Saturday, January 28, 2023

I am With the Other Old People in Florida

No coffee, the sounds of food prep done by others as music while the house-on-stilts where we are staying in Cedar Key sways beneath us. It's like being back on a cruise ship. Apparently I was able to sway the whole house by doing yoga last night after the others went to bed. I would NOT want to be here in a high wind.

There is no place like Florida in the winter time: Birds, breezes, empty beaches--and golf carts galore. On the way to the beer shack last evening, I saw a cart bedecked with pirate skeletons and sea booty. Now THAT was a golf cart I would drive! I'm sorry I didn't get a picture, but the week is young. Pre-covid, I used to spend a long weekend every January in Destin for a spin-in. Imagine a conference room in a resort, filled with hard-eyed, hard-drinking, hard-shopping, hand spinners of all ages, pronouns, and declensions, and you get the picture. It was my January Joy. But the average age was probably 60 so the Boomer Doom (aka Covid) killed the in-person meeting. It still goes on (it's happening this weekend even), but over zoom. I am so heartily sick of zoom that it would have to be a really incredible live activity for me to be willing to join it. Until we have VR headsets with other sensory input (smells, temperature) for zoom, count me out. Even then, count me out.
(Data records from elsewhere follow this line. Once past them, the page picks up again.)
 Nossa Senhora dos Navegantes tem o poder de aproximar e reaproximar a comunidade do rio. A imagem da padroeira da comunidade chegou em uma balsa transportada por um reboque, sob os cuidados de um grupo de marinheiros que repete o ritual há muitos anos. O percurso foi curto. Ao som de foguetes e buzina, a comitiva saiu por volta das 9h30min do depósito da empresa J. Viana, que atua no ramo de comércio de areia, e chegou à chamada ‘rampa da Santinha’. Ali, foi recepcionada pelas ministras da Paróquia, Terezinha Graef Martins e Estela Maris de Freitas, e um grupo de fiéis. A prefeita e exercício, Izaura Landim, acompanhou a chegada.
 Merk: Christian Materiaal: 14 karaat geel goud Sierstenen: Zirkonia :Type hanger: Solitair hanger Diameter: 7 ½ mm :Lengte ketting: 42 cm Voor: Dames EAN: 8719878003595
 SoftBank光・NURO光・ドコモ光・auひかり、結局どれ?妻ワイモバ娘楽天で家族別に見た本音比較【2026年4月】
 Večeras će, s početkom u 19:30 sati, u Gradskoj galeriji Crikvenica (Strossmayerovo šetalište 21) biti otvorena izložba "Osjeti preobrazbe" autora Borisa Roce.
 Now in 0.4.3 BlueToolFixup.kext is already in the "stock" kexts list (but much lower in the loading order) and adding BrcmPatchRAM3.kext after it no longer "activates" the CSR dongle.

Florida is also old people. Wise people. My kind of people. (See above: hard-eyed, hard-drinking...). Except for the dearth of teeth. I'll go gray. I'll take wrinkles and saggy boobs, but I will not give up my teeth. 

So, old people. Let's talk about old people for a moment. When I was 27, a friend and I were making tiropita for the University of Chicago's annual linguistics conference (CLS)--traditionally catered by the first year grad students. Yours truly was the organizer for my year and I decided to do a Greek feast--hence the tiropita. Karen Deaton and I made HUNDREDS of little phyllo pastry cheese pies--many of them while watching Lethal Weapon. There is one scene where Mel Gibson walks to the refrigerator naked. No stunt butt. We were watching on VHS, and we used the rewind button to watch him walk back and forth, and back and forth, and back forth like a Hobbit (there and back again) as we cackled like mad . I see that Mel now, and I could not be less interested. Absolutely zip, zero, zilch attraction for me. But Mel Gibson now, in Fat Man... The Mel Gibson that looks like my spouse on a craggy day... Now THAT is a hot guy. 
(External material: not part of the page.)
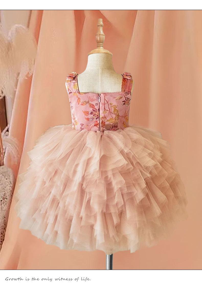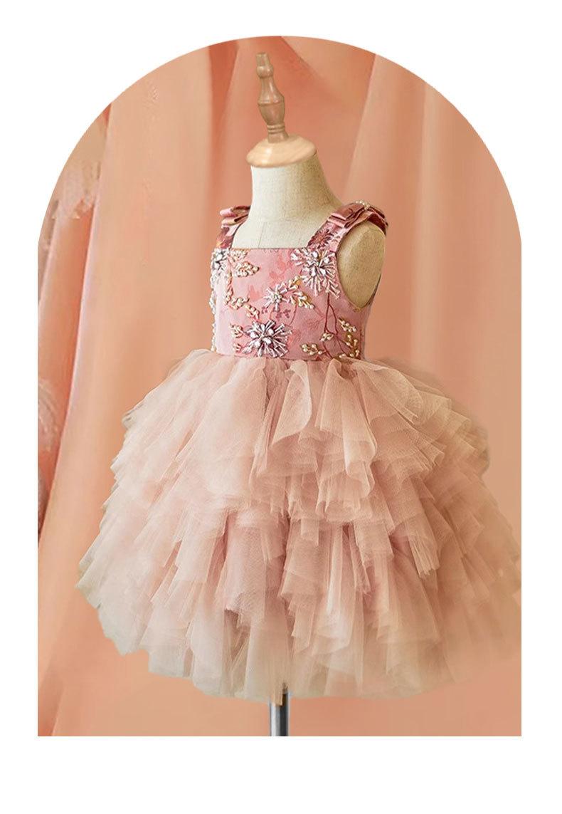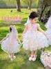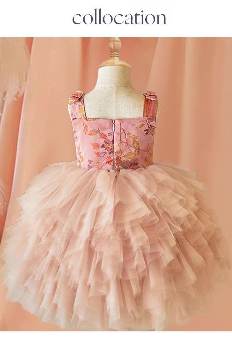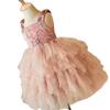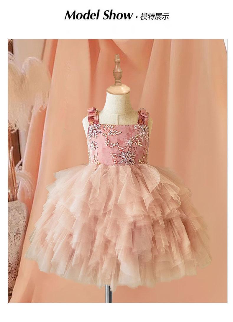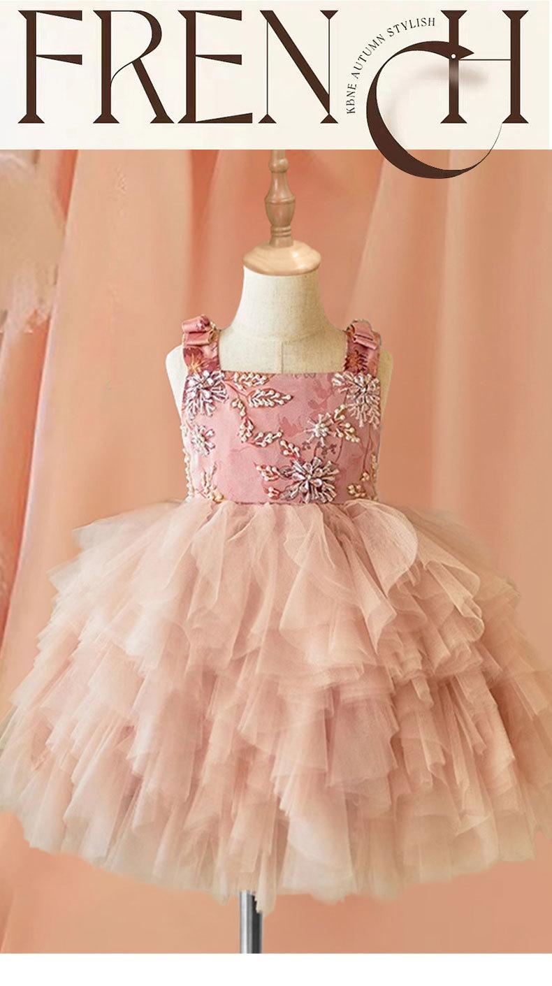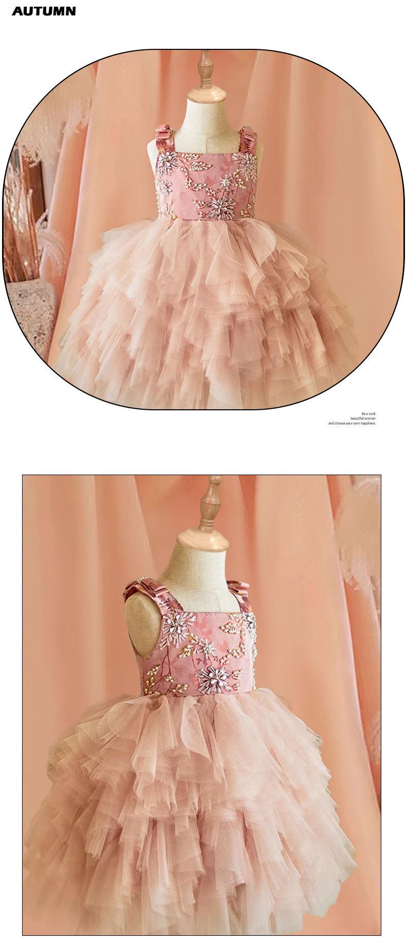 Vestido de Cumpleaños para Niñas de Clase Nicho de Lujo Ligero Vestido de Princesa para Actuación de Anfitriona Infantil Vestido de Gasa Rosa para Niña Dama de Honor
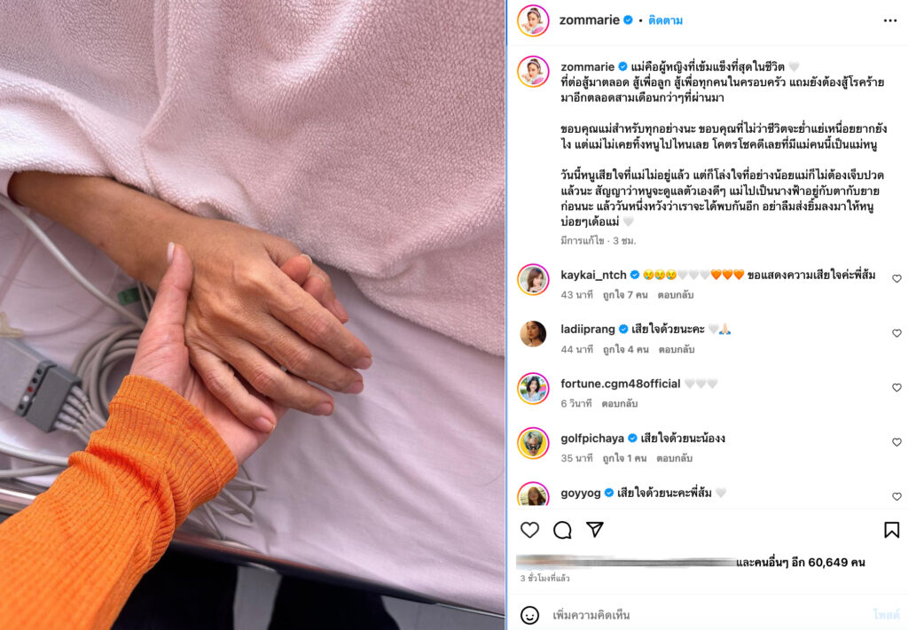 ส่งกำลังใจให้ “ส้ม มารี” สูญเสียคุณแม่อันเป็นที่รักจากไปอย่างสงบ

I am aware that I have been becoming invisible to younger people. I am gradually being replaced by an old-person cut-out. Arguably, for anyone under 30, I have been unknowingly there for awhile. But it is more apparent to me now as I am more often looked through than looked at. And I remember looking at "old" people when I was in my 20's and thinking how horrible it must be to be old, and no longer attractive, and looked through by the young and vibrant. Now I recognize that thought as spawned by the arrogance and ignorance of youth, and I chuckle, quietly and evilly, to myself realizing that I look through them as much as they look through me. Thirty-somethings are not remotely attractive to me, (apologies to friends in their 30's but...). Instead, they seem larval and I feel parental. I know someday they will be interesting, but right now all they've got is hubris.
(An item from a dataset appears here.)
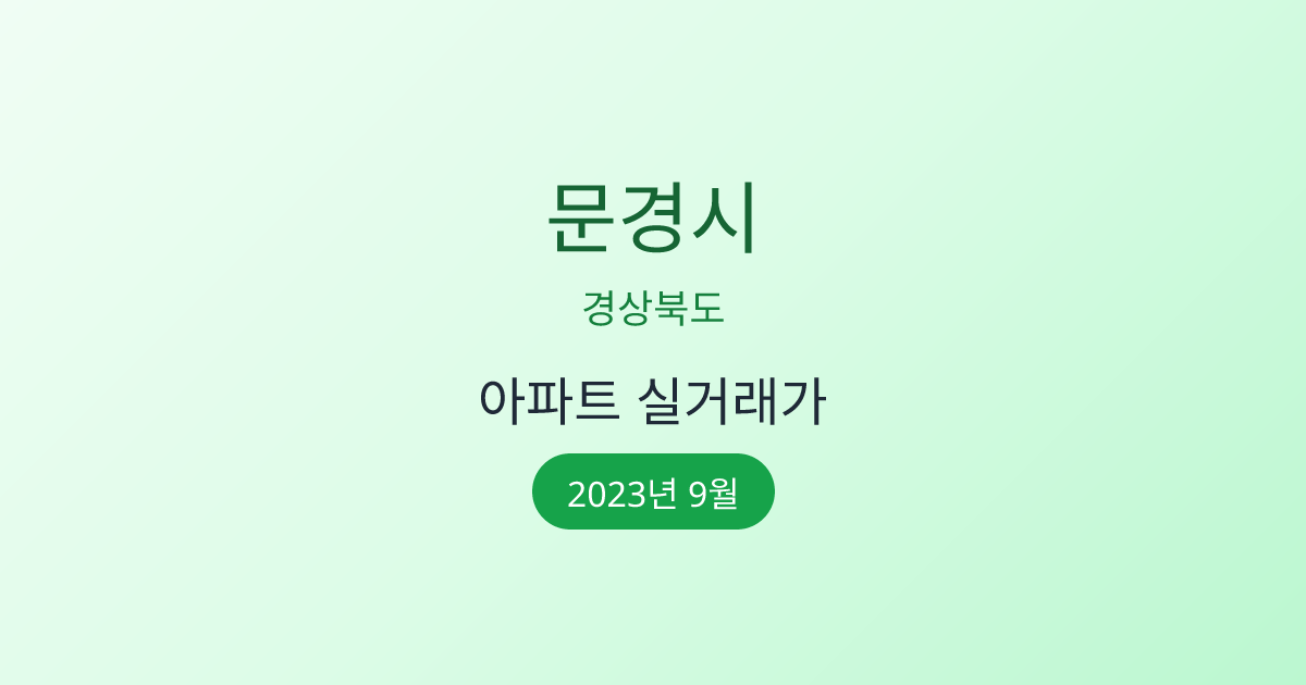 2023년 9월 경상북도 문경시 아파트 매매 실거래가 정보입니다. 국토교통부 공식 데이터를 기반으로 합니다.

Returning to the beer shack of yesterday, my "type" now must have grey hair--or at least salt and pepper, weather-worn skin with lots of laugh lines, and a solid, relaxed, I'm good-in-my-skin-ness that (for most people) does not come before 55 or 60. A man who knows how to laugh, live, and love for today. As I looked at the scruffy, old, hippy guys sitting and watching the world go by, I felt an urge to flirt. Obviously not because I am looking for anything, but because I was attracted, and felt like appreciatively expressing that attraction. Well-oiled, sleek, firm bodies on the beach just irritate me and make me want to yell "Get Out of My Sun!"--the old woman equivalent to "Get Off My Lawn".